Я стал разглядывать сундуки и обнаружил на деревянной крышке самого старого из трех, среди надписей красным, поблекший геральдический символ. Присмотревшись, я узнал хорошо знакомую четырехлепестковую Розу.
– А в этом вы искали?
– Нет, молодой человек, конечно же нет, – нетерпеливо отозвался мистер Эдваусон. – Эти бумаги не имеют никакого отношения к документам прихода. – Поправив свой парик, он добавил: – Видите ли, мастер Мелламфи, они из старого Хафем-Холла и касаются только одноименной семьи.
Так вот откуда взялся символ розы.
– Мистера Барбеллиона они не интересовали?
– Во всяком случае, он не упоминал эту фамилию. Вам они тоже неинтересны, мастер Мелламфи, ведь эта семья жила здесь в далеком прошлом. Им принадлежали нынешние владения Момпессонов. Помню, мой дед служил у них кучером. Много лет назад они разорились из-за необдуманной спекуляции и продали все отцу сэра Персевала.
– Мне случайно известна эта фамилия, – сказал я. – И я заметил их гробницу. Если земля была продана всего поколение или два назад, почему после тысяча шестьсот четырнадцатого года их перестали здесь хоронить?
– С того года у них существовала в Холле собственная часовня. Вне прихода, конечно.

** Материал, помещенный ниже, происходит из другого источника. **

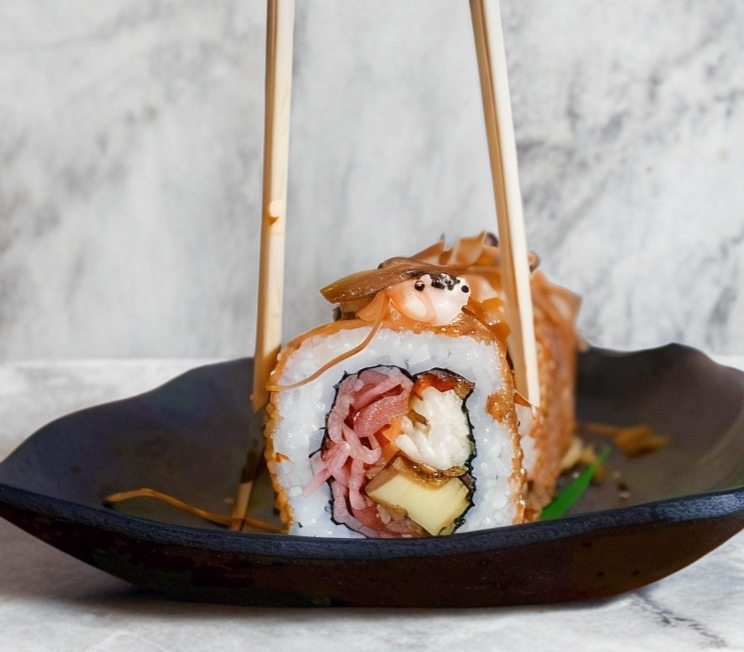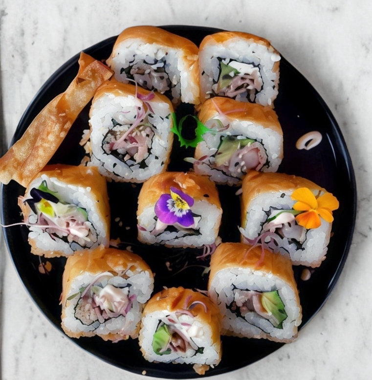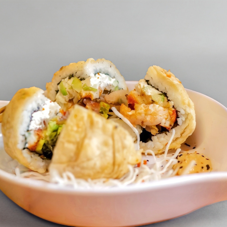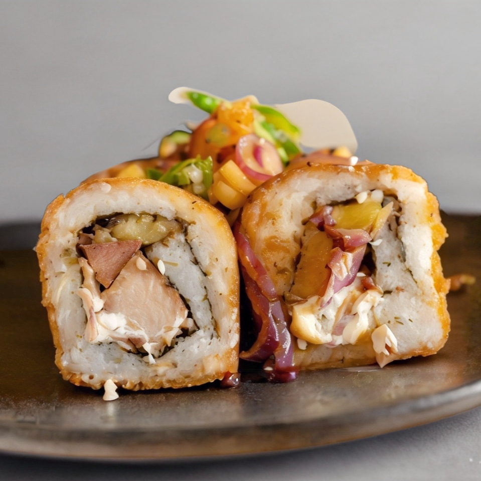 Bola de arroz rellena de camarón tempura, pollo tempura, queso crema, cebolla caramelizada, aguacate y pepino. Envueltos en pasta harumaki. ¡#KaijusMiyamoto! ¡No es cualquier sushi, es Miyamoto!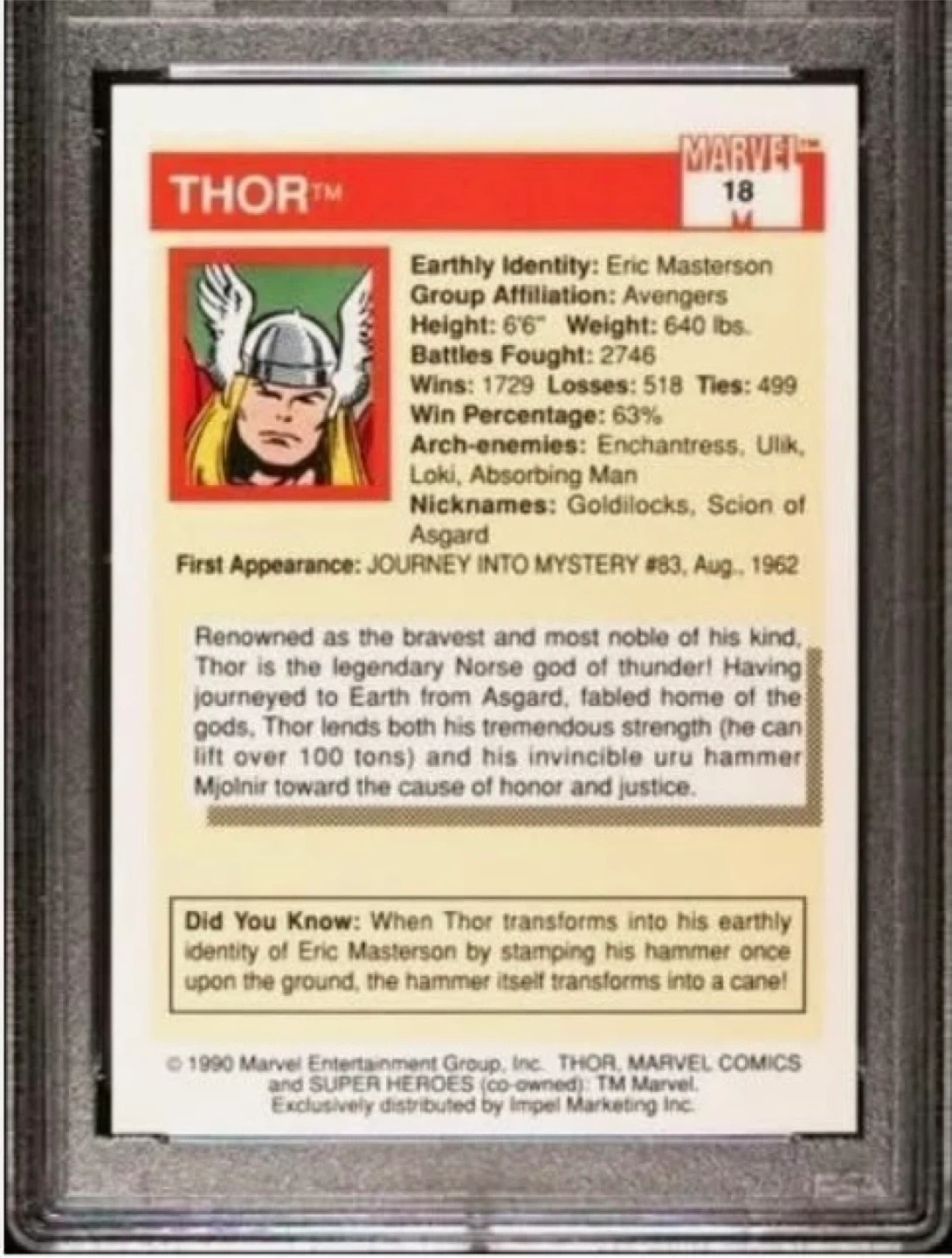 Thor Marvel Super Heroes Trading Card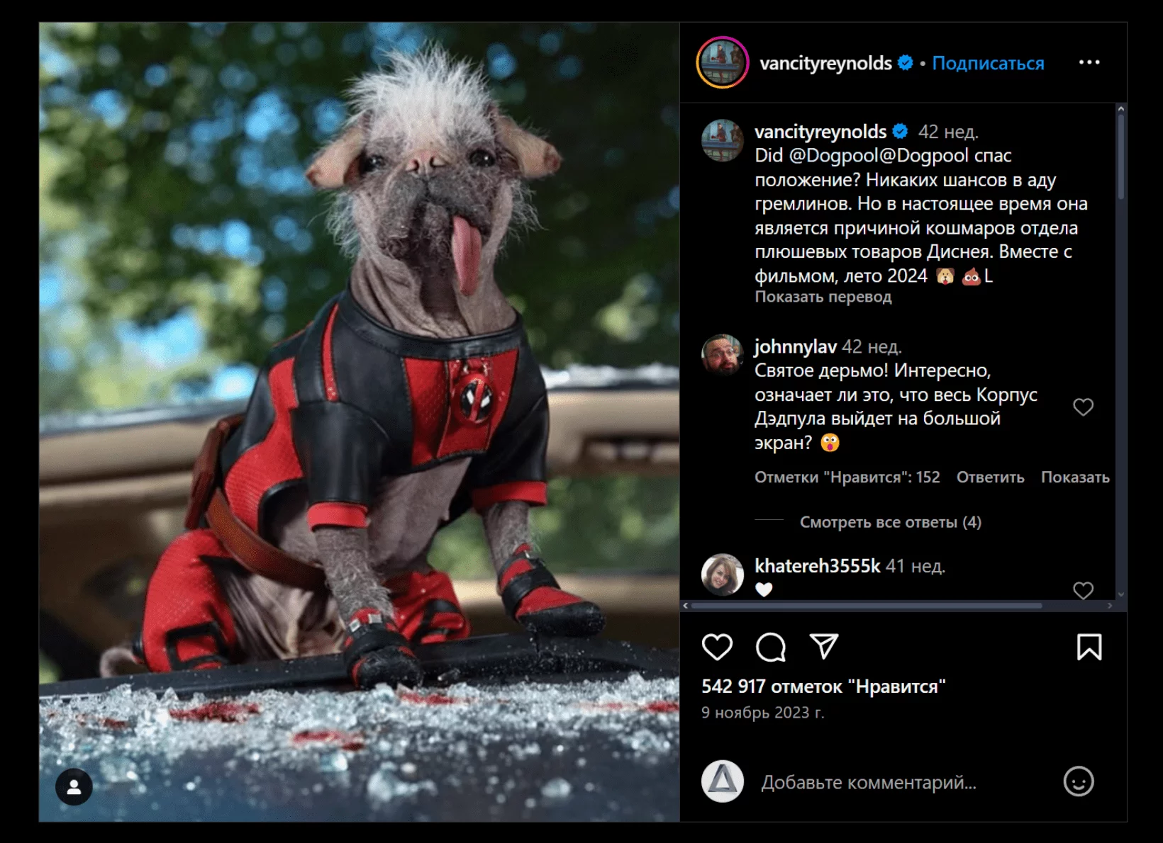 К чему я это. Пост смешной, мемный, с вирусным хештегом — но на другом уровне восприятия он работает еще и на образ Рейнольдса как Дэдпула. Я бы даже сказал, что он работает на драматургию фильма, но об этом поговорим в одном из следующих блоков. А пока едем дальше!

Записи, должно быть, очень старые, ведь часовня давным-давно была заброшена – говорят, после убийства.
– Убийства? – повторил я, вспомнив рассказ миссис Белфлауэр об отцеубийстве, тайном бегстве и дуэли и задавшись вопросом, не содержится ли в них крупица истины. – Кто был убит?
– Не помню, – отозвался он так быстро, что я не заподозрил его в уклончивости. – По словам здешних жителей, часовня в результате перестала быть освященным местом, но это все пустые речи. Как бы то ни было, приблизительно в это время документы были перемещены на хранение сюда. А часовня ныне лежит в руинах, потому что Момпессоны ею не пользуются.
– Это потому, что они не живут поместье? Он повозил париком по своей лысой голове:
– Не живут, и это тем более жаль, потому что деньги за аренду идут прямиком в Лондон, а их и без того немного. Я уважаю сэра Персевала как лендлорда, хотя многие, как мне известно, со мной не согласны. Ведь Стоук-Момпессон, соседняя с имением деревня, место превосходное, вовсю процветает. Ну да, это закрытая деревня, в том-то вся штука. Рано или поздно Мелторп, наверное, последует ее примеру – я на это надеюсь, поскольку другого выхода нет. Видите ли, из-за высокого налога в пользу бедных в деревне не развиваются ни торговля, ни ремесла.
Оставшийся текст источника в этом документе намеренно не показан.